TRY IT
Please reproduce all of the data below exactly, leaving each picture out.

DATA SEGMENT
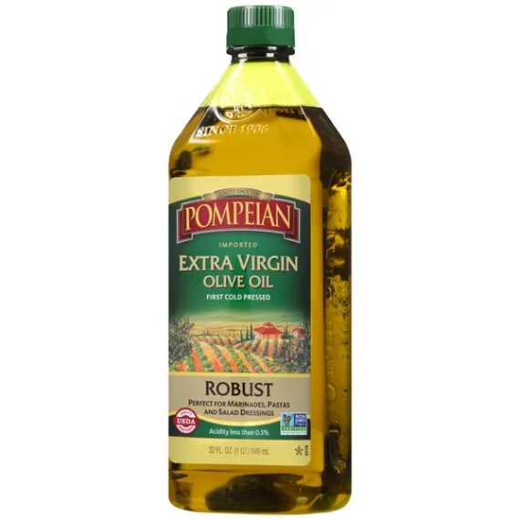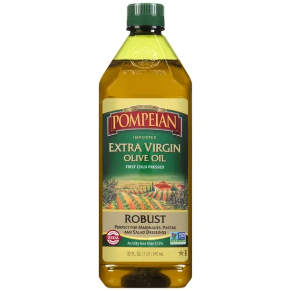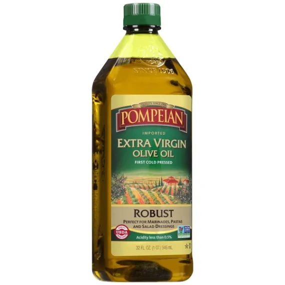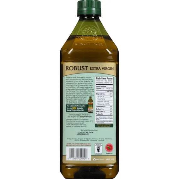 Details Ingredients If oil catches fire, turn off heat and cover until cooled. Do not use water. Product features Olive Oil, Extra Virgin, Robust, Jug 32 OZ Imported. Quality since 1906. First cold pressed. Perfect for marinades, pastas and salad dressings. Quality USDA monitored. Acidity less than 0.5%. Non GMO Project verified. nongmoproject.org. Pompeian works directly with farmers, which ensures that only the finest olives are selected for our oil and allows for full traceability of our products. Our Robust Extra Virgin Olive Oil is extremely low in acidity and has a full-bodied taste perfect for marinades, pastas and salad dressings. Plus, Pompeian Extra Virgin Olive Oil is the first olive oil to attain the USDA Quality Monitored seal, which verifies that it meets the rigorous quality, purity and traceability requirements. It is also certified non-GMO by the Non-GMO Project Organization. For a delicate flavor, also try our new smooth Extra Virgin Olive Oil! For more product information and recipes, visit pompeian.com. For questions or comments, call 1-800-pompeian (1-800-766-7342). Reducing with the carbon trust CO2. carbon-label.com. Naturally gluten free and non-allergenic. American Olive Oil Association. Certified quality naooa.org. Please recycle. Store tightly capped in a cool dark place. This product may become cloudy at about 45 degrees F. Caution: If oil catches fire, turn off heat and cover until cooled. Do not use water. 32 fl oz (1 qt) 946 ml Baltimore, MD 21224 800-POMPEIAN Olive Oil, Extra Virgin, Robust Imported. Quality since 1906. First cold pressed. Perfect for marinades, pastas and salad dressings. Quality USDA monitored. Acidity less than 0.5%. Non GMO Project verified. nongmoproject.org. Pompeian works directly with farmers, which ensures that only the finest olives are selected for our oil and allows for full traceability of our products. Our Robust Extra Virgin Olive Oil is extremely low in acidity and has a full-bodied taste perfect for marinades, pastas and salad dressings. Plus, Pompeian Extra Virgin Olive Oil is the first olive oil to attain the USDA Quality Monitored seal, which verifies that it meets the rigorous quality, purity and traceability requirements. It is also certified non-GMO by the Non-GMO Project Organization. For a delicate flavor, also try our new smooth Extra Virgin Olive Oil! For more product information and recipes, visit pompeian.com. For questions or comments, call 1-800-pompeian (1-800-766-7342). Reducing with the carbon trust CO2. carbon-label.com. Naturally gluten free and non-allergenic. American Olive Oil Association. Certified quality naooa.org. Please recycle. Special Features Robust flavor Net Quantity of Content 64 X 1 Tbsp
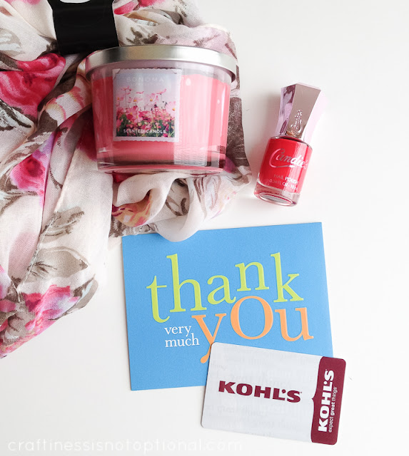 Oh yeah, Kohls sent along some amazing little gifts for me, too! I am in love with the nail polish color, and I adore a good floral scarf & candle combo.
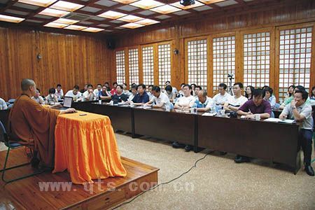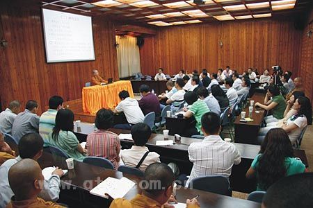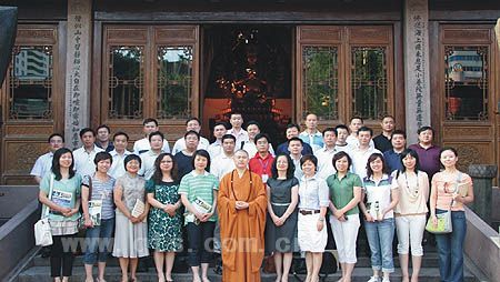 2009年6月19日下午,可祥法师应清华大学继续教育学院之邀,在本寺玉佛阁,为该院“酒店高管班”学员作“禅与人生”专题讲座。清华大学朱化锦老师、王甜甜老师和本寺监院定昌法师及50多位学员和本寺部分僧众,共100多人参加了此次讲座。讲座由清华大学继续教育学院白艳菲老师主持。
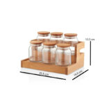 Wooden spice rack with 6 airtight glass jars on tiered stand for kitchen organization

OUTPUT FOR THIS EXERCISE
 Details Ingredients If oil catches fire, turn off heat and cover until cooled. Do not use water. Product features Olive Oil, Extra Virgin, Robust, Jug 32 OZ Imported. Quality since 1906. First cold pressed. Perfect for marinades, pastas and salad dressings. Quality USDA monitored. Acidity less than 0.5%. Non GMO Project verified. nongmoproject.org. Pompeian works directly with farmers, which ensures that only the finest olives are selected for our oil and allows for full traceability of our products. Our Robust Extra Virgin Olive Oil is extremely low in acidity and has a full-bodied taste perfect for marinades, pastas and salad dressings. Plus, Pompeian Extra Virgin Olive Oil is the first olive oil to attain the USDA Quality Monitored seal, which verifies that it meets the rigorous quality, purity and traceability requirements. It is also certified non-GMO by the Non-GMO Project Organization. For a delicate flavor, also try our new smooth Extra Virgin Olive Oil! For more product information and recipes, visit pompeian.com. For questions or comments, call 1-800-pompeian (1-800-766-7342). Reducing with the carbon trust CO2. carbon-label.com. Naturally gluten free and non-allergenic. American Olive Oil Association. Certified quality naooa.org. Please recycle. Store tightly capped in a cool dark place. This product may become cloudy at about 45 degrees F. Caution: If oil catches fire, turn off heat and cover until cooled. Do not use water. 32 fl oz (1 qt) 946 ml Baltimore, MD 21224 800-POMPEIAN Olive Oil, Extra Virgin, Robust Imported. Quality since 1906. First cold pressed. Perfect for marinades, pastas and salad dressings. Quality USDA monitored. Acidity less than 0.5%. Non GMO Project verified. nongmoproject.org. Pompeian works directly with farmers, which ensures that only the finest olives are selected for our oil and allows for full traceability of our products. Our Robust Extra Virgin Olive Oil is extremely low in acidity and has a full-bodied taste perfect for marinades, pastas and salad dressings. Plus, Pompeian Extra Virgin Olive Oil is the first olive oil to attain the USDA Quality Monitored seal, which verifies that it meets the rigorous quality, purity and traceability requirements. It is also certified non-GMO by the Non-GMO Project Organization. For a delicate flavor, also try our new smooth Extra Virgin Olive Oil! For more product information and recipes, visit pompeian.com. For questions or comments, call 1-800-pompeian (1-800-766-7342). Reducing with the carbon trust CO2. carbon-label.com. Naturally gluten free and non-allergenic. American Olive Oil Association. Certified quality naooa.org. Please recycle. Special Features Robust flavor Net Quantity of Content 64 X 1 Tbsp
 Oh yeah, Kohls sent along some amazing little gifts for me, too! I am in love with the nail polish color, and I adore a good floral scarf & candle combo.
 2009年6月19日下午,可祥法师应清华大学继续教育学院之邀,在本寺玉佛阁,为该院“酒店高管班”学员作“禅与人生”专题讲座。清华大学朱化锦老师、王甜甜老师和本寺监院定昌法师及50多位学员和本寺部分僧众,共100多人参加了此次讲座。讲座由清华大学继续教育学院白艳菲老师主持。
 Wooden spice rack with 6 airtight glass jars on tiered stand for kitchen organization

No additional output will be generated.